不论请求来自Block层还是SCSI层,当请求完成时的入口只有一个:SCSI设备上报到内核的中断处理函数,请求完成逐级向上传递,直到应用层。和很多的request-response模型一样,IO请求的完成分为以下3类4种:
- 请求完成+请求成功
- 请求完成+请求失败+重试
- 请求完成+请求失败+错误处理
- 请求响应超时
Init
以megasas的PCIe RAID卡为例,其在SCSI子系统中的请求完成的初始化如下,
准备硬件中断handler和tasklet结构到scsi_host_template:
static struct megasas_instance_template megasas_instance_template_gen2 = { .service_isr = megasas_isr, .tasklet = megasas_complete_cmd_dpc, };
注册工作队列和硬件中断handler,当磁盘完成SCSI请求时会上报该中断:
megasas_probe_one() INIT_WORK(&instance->work_init, process_fw_state_change_wq); megasas_init_fw() tasklet_init(&instance->isr_tasklet, instance->instancet->tasklet); request_irq(service_isr)
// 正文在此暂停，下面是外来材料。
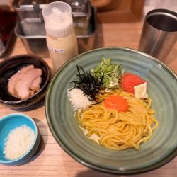 油そばとあるが、油脂感低く、釜玉そばといったほうがより正確かも。そのため、比較的すっきりした味わいでタレ自体の旨味も強くなく、トッピされた鰹節の風味の方が前に出ている感じ。卵黄の濃厚な風味がわれて加わりいい感じ。後... 続きを見る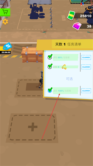4、查看天数1任务清单,确认已完成的任务,推进垃圾场运营进度。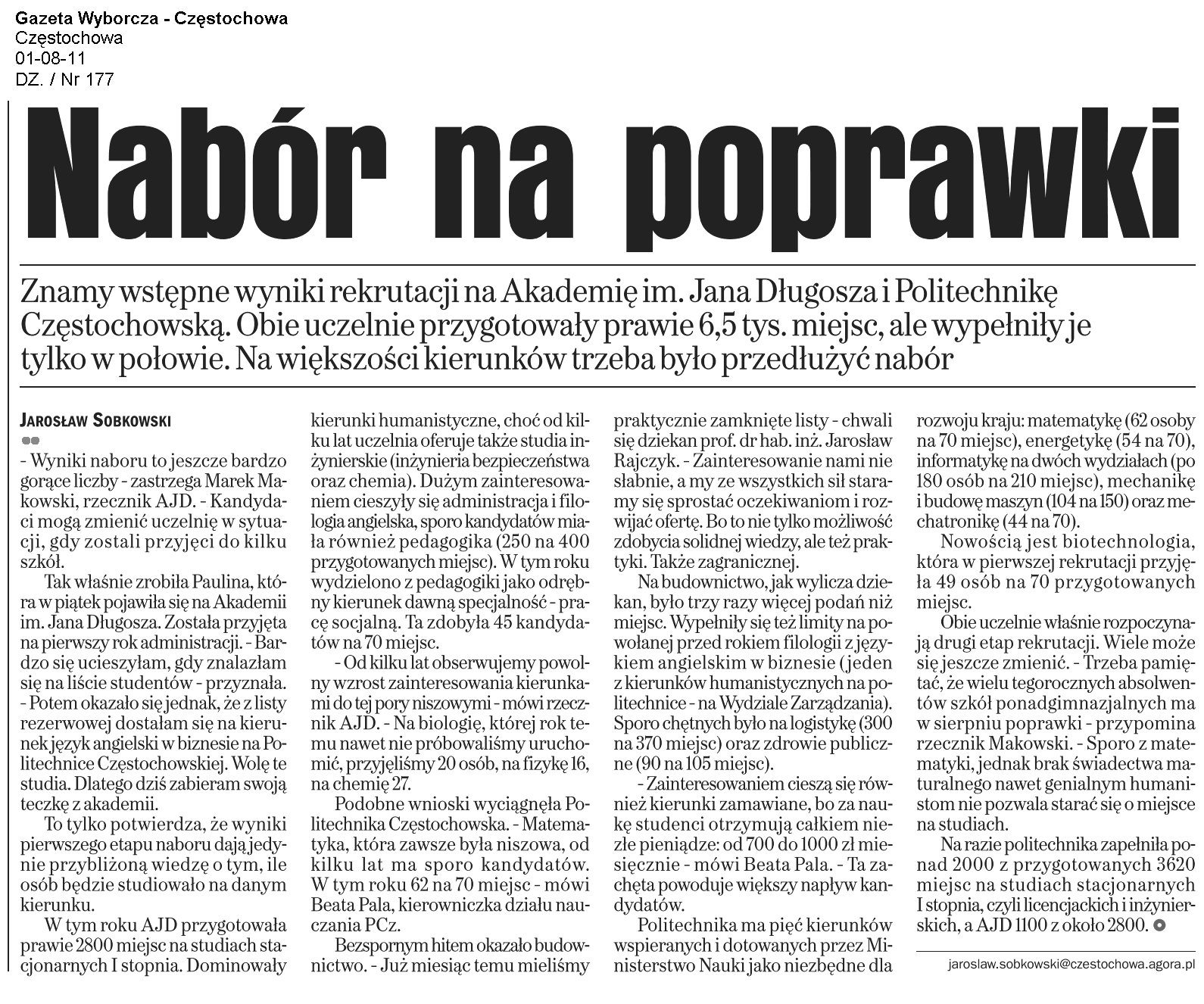 Gazeta Wyborcza Częstochowa 12.01.2011 |

系统还为Block层的request的完成注册了softirq:
blk_softirq_init() INIT_LIST_HEAD(&per_cpu(blk_cpu_done, i)); open_softirq(BLOCK_SOFTIRQ, blk_done_softirq); register_hotcpu_notifier(&blk_cpu_notifier);
做好了准备工作,开始讨论请求完成的这三种情况
Complete
当磁盘完成SCSI请求时会上报中断,内核最终会执行注册的handler,请求完成的传递路径如下所示,经由**硬件中断->work_struct + tasklet->软件中断-(->完成量)**逐层传递。
megasas_isr() megasas_deplete_reply_queue() some work in top half schedule_work(&instance->work_init) tasklet_schedule(&instance->isr_tasklet)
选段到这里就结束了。